Les initiatives de collectivités territoriales visant à permettre aux citoyens d'exprimer leurs souhaits quant à l'aménagement ou au fonctionnement des services de leurs villes, se multiplient. Paris ou Nantes en France, Reykjyavik à l'étranger, ont mis en place des outils participatifs permettant à leurs habitants de s’exprimer.

 

Des citoyens qui aident les élus et leurs services à bâtir le futur des collectivités territoriales, c’est aujourd’hui une réalité à l’échelle mondiale, qui compte déjà plusieurs partisans en France.

Pour ce faire, de nombreux outils participatifs ont été conçus et sont utilisés, notamment par les communes. Ils permettent de recueillir les idées, avis et votes de chacun avec pour but de financer ensuite les projets de demain, la finalité étant bien la co-construction de ces derniers.

Paris, l’exemple français le plus frappant

Pour bâtir une ville juste, progressiste et durable, l’intelligence collective est notre plus grande force. L’échange et le débat sont nos outils les plus puissants.

Ces propos sont signés Anne Hidalgo, Maire de Paris, qui a décidé de consacrer 5% du budget d’investissement de la ville sur l’ensemble de sa mandature, soit 480 millions d’euros, pour financer des projets proposés par des citoyens.

Via un site dédié, les habitants de la capitale peuvent soumettre des idées en début d’année. Ces dernières sont ensuite développées et regroupées, entre mars et mai, lors d’ateliers dits de « co-construction » impliquant les Parisiens. Avant que les projets soient exposés sur le site, où les citoyens peuvent ensuite voter en septembre pour ceux qu’ils préfèrent, en ligne ou dans des bureaux prévus à cet effet.
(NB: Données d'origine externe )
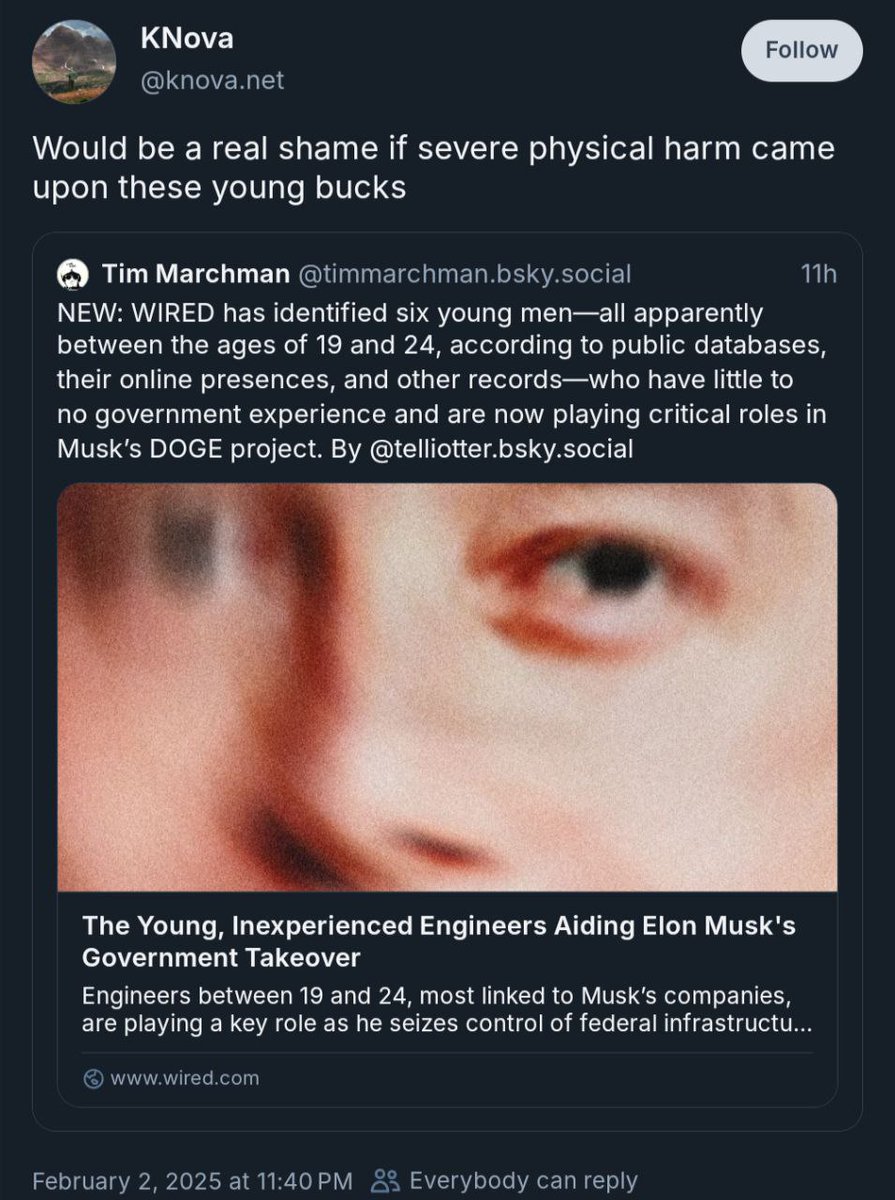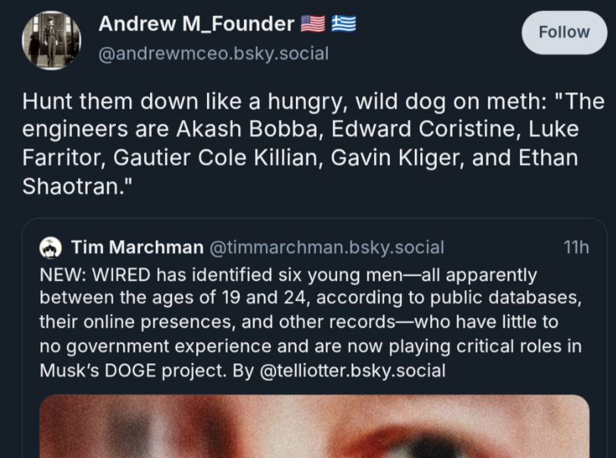 "Hunt them down" Leftists on @bluesky and other social media sites are mobilizing threats of violence against the @DOGE team staff and their families as revenge against @elonmusk and the Trump administration. https://t.co/m8ujSOv3Xa
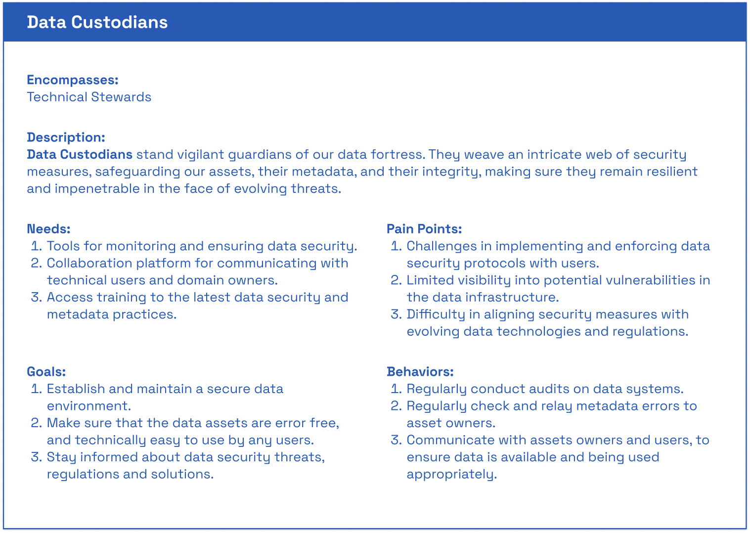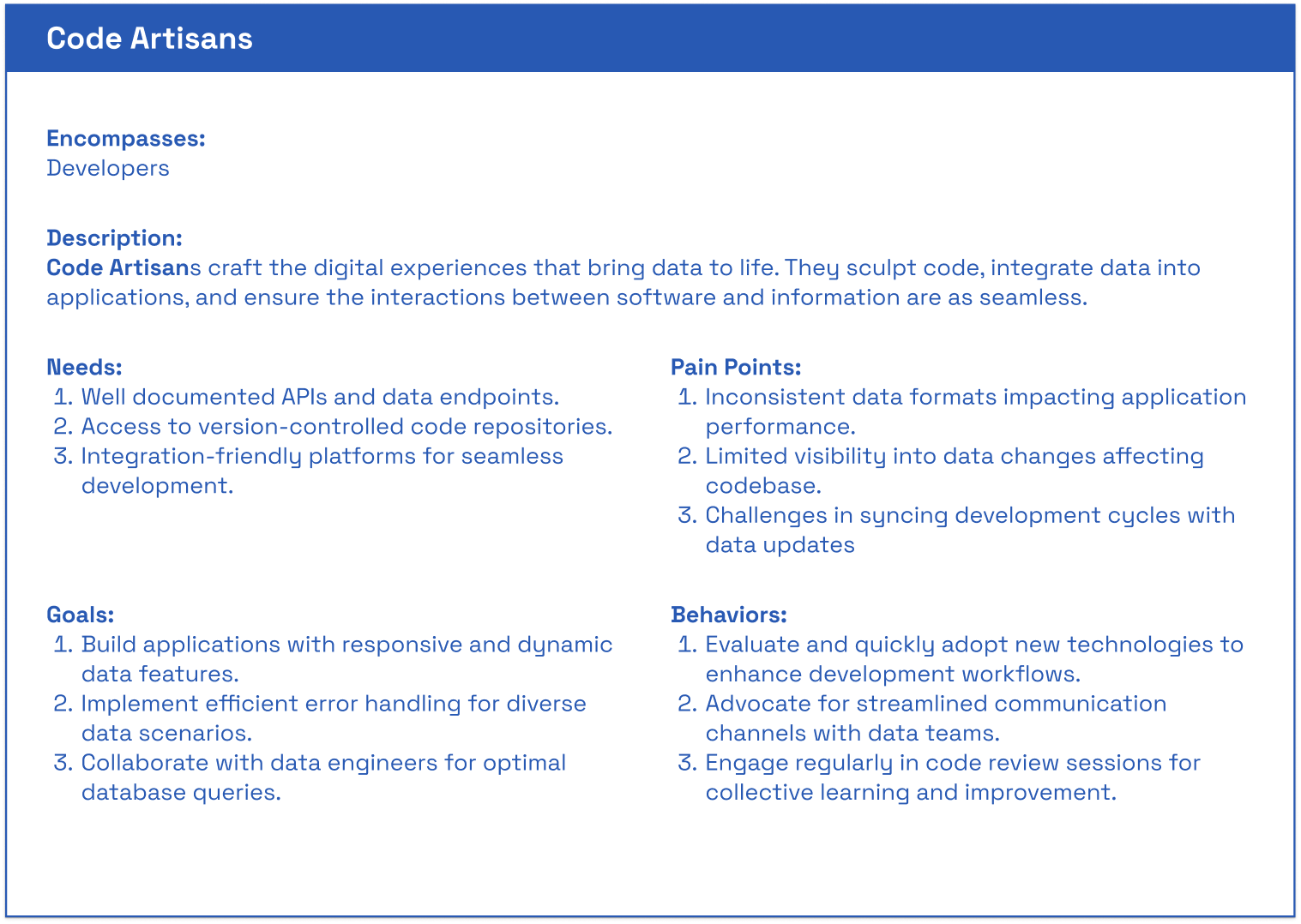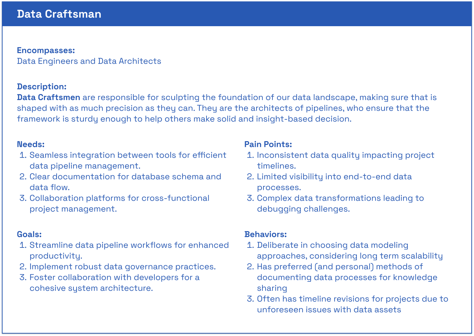 Conducted a Best Practices Audit in the persona frameworks built in the past, including from the Data Architect VP, a Consultant from a large company, the User support team, and the Platform director.

Les élus de Paris donnent au final leur accord en décembre pour le financement des gagnants. Des idées qui peuvent également être déposées sur la plateforme « Madame la Maire, j’ai une idée », qui permet elle aussi aux citoyens, à tout moment de l’année, sur des thèmes imposés par la ville, de soumettre des projets, de soutenir ceux qui leur semblent importants ou d’émettre un avis, d’engager un débat.

Plus de 22000 personnes se sont inscrites à ce jour sur le site et plus de 5115 idées ont été proposées lors du premier trimestre 2015 (3158 sur la même période en 2016). Pour 188 lauréats à l’arrivée.

Paris n’est évidemment pas la seule commune en France à prendre en considération la participation des habitants. A Nantes, la Maire, Johanna Rolland en a fait, selon ses propos, la « pierre angulaire » de sa mandature.

L’élue a notamment lancé un débat autour de la Loire et de ses usages. Les citoyens ont ainsi la possibilité de donner leurs avis mais aussi de publier des cahiers d’acteurs sur le site « nanteslaloireetnous.fr ».

A Rennes, une plateforme web consacré au budget participatif intitulé « La Fabrique Citoyenne », a permis en novembre 2015 aux habitants de la ville de proposer des projets visant à améliorer leur cité. Il y a eu 942 propositions formulées, dont 574 l’ont été par des citoyens. Puis, en février, ces derniers ont de nouveau été sollicités pour voter pour les projets qu’ils souhaitaient soutenir. Au final, 54 idées ont été retenues. Une initiative appelée à se renouveler, Nathalie Appéré, maire de Rennes, ayant indiqué qu’elle y consacrerait, chaque année, 5% du budget d’investissement de la ville.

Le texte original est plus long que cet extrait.